___ INPUT

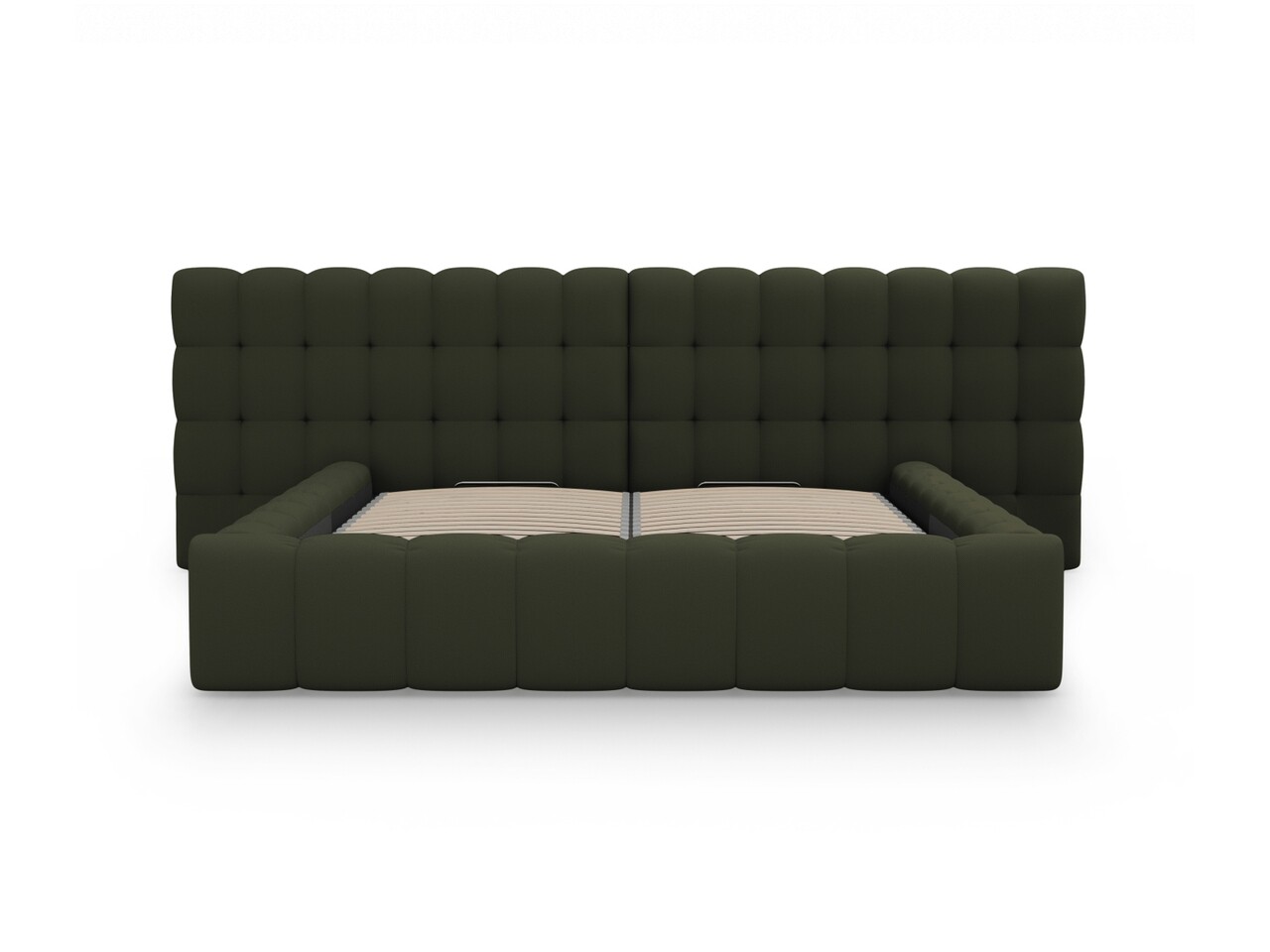 Pat tapitat cu somiera rabatabila si lada depozitare, 160x200 cm, Micadoni Home, Mamaia-170, tablie dubla, tesatura structurata, verde
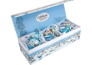 Набор "Mister Christmas", состоящий из трех елочных украшений, поможет вам создать теплую и уютную атмосферу праздника. Украшения изготовлены из стекла. Украшения оснащены текстильными ленточками, благодаря которым их можно повесить в любом месте. Набор упакован в красочную подарочную шкатулку. Благодаря специальным выемкам предметы набора надежно крепятся внутри шкатулки. Новогодние украшения всегда несут в себе волшебство и красоту праздника. Создайте в своем доме атмосферу тепла, веселья и радости, украшая его всей семьей. None Есть доставка.
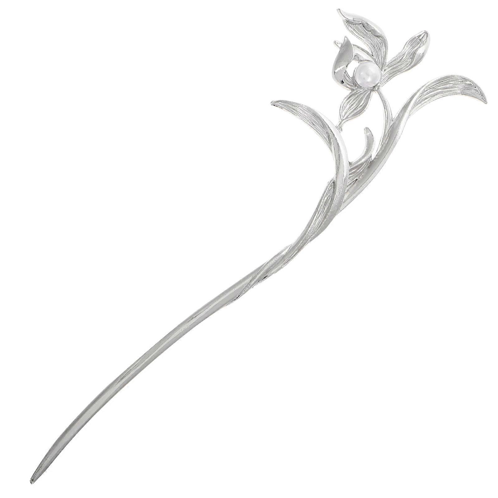 Silver Pearl Plum Blossom Metal Hair Pins for Women – Lightweight Chinese Style Hair Sticks for Buns & Ponytails, Elegant & Portable Daily Use
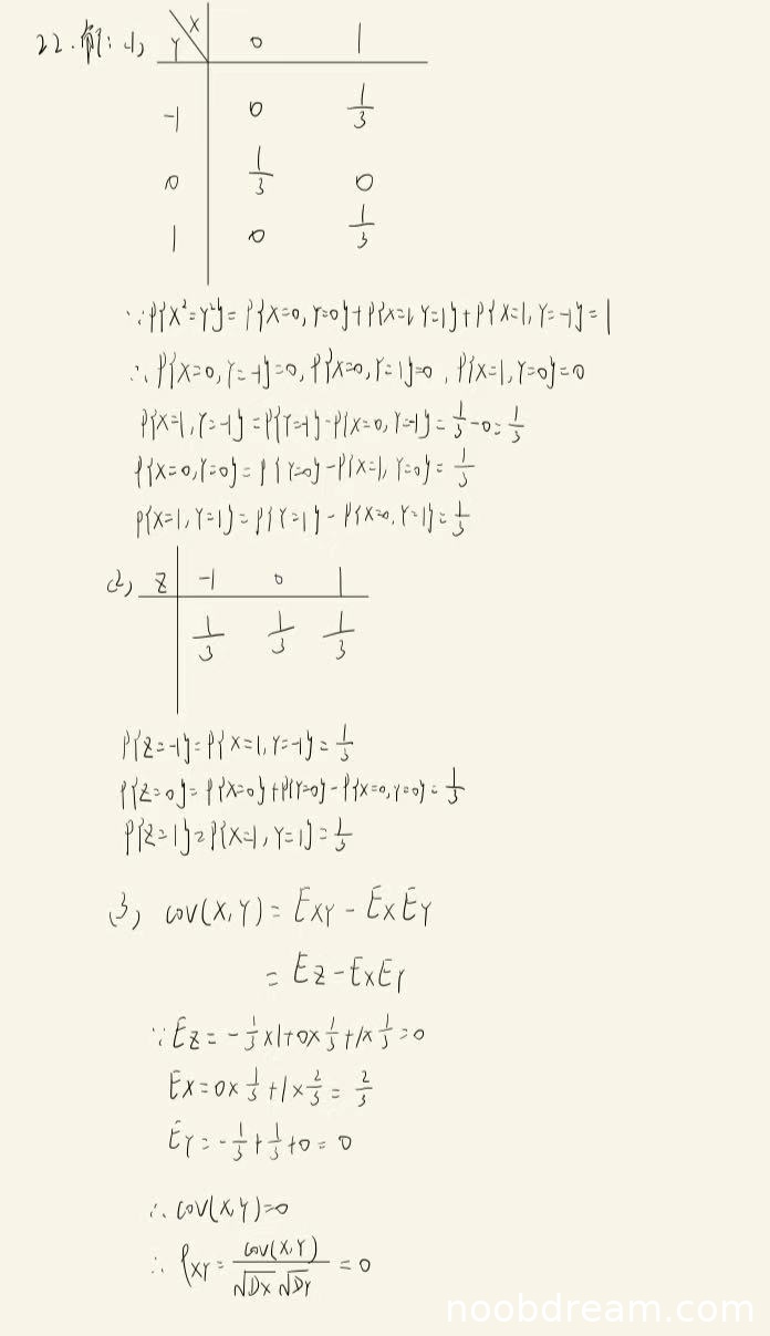 学生正确计算了协方差和相关系数,过程完整,结果正确。E(X)、E(Y)、E(Z)的计算都正确,最终得到相关系数为0,与标准答案一致,得3分。
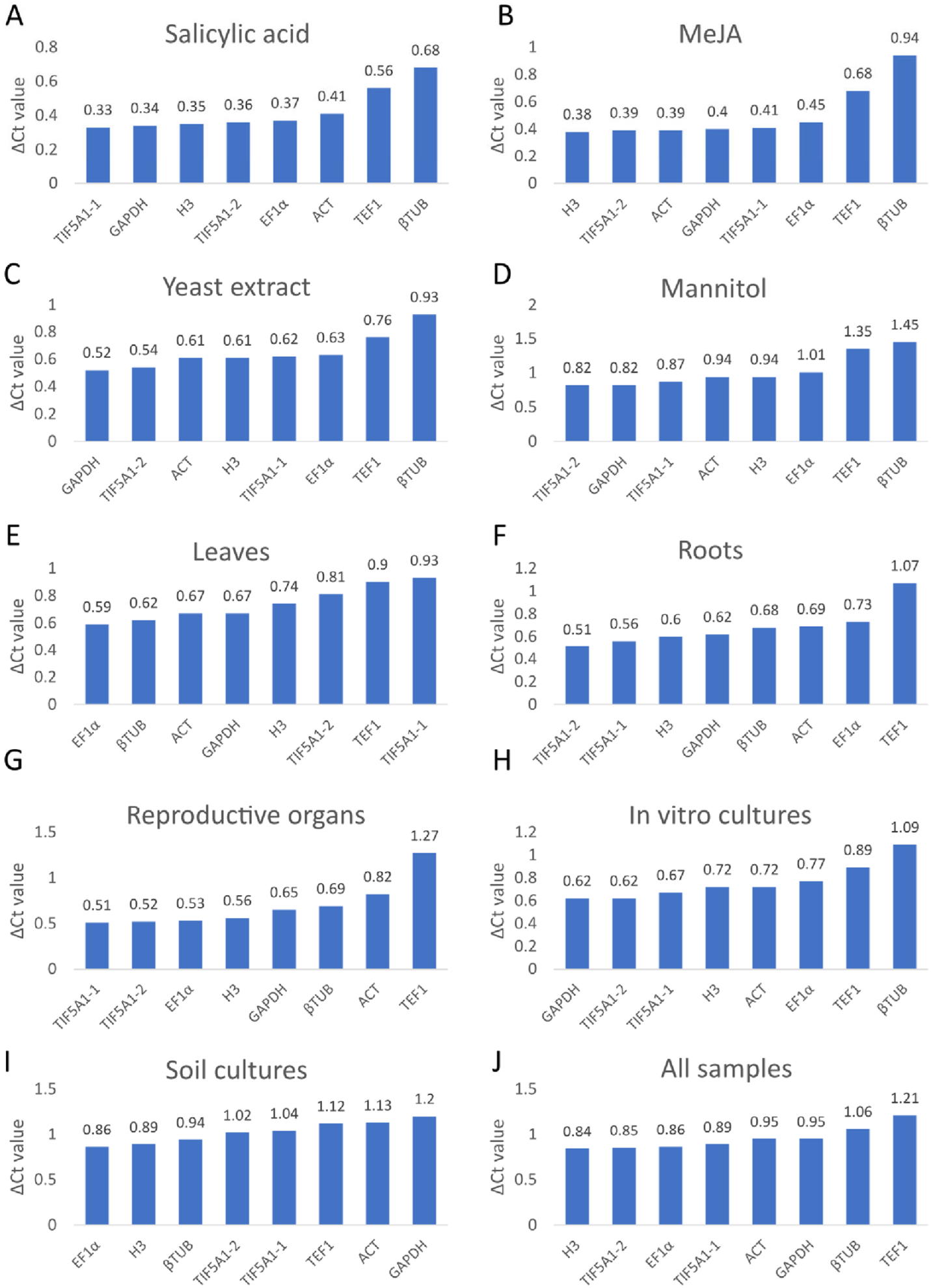 | ΔCT | EF1α | βTUB | ACT | GAPDH | H3 | TIF5A1-2 | TEF1 | TIF5A1-1 | |

______

_WHAT IS BEING ASKED_:
Could you reproduce every record above exactly, leaving out the pictures?

_TASK RESULT_:
 Pat tapitat cu somiera rabatabila si lada depozitare, 160x200 cm, Micadoni Home, Mamaia-170, tablie dubla, tesatura structurata, verde
 Набор "Mister Christmas", состоящий из трех елочных украшений, поможет вам создать теплую и уютную атмосферу праздника. Украшения изготовлены из стекла. Украшения оснащены текстильными ленточками, благодаря которым их можно повесить в любом месте. Набор упакован в красочную подарочную шкатулку. Благодаря специальным выемкам предметы набора надежно крепятся внутри шкатулки. Новогодние украшения всегда несут в себе волшебство и красоту праздника. Создайте в своем доме атмосферу тепла, веселья и радости, украшая его всей семьей. None Есть доставка.
 Silver Pearl Plum Blossom Metal Hair Pins for Women – Lightweight Chinese Style Hair Sticks for Buns & Ponytails, Elegant & Portable Daily Use
 学生正确计算了协方差和相关系数,过程完整,结果正确。E(X)、E(Y)、E(Z)的计算都正确,最终得到相关系数为0,与标准答案一致,得3分。
 | ΔCT | EF1α | βTUB | ACT | GAPDH | H3 | TIF5A1-2 | TEF1 | TIF5A1-1 | |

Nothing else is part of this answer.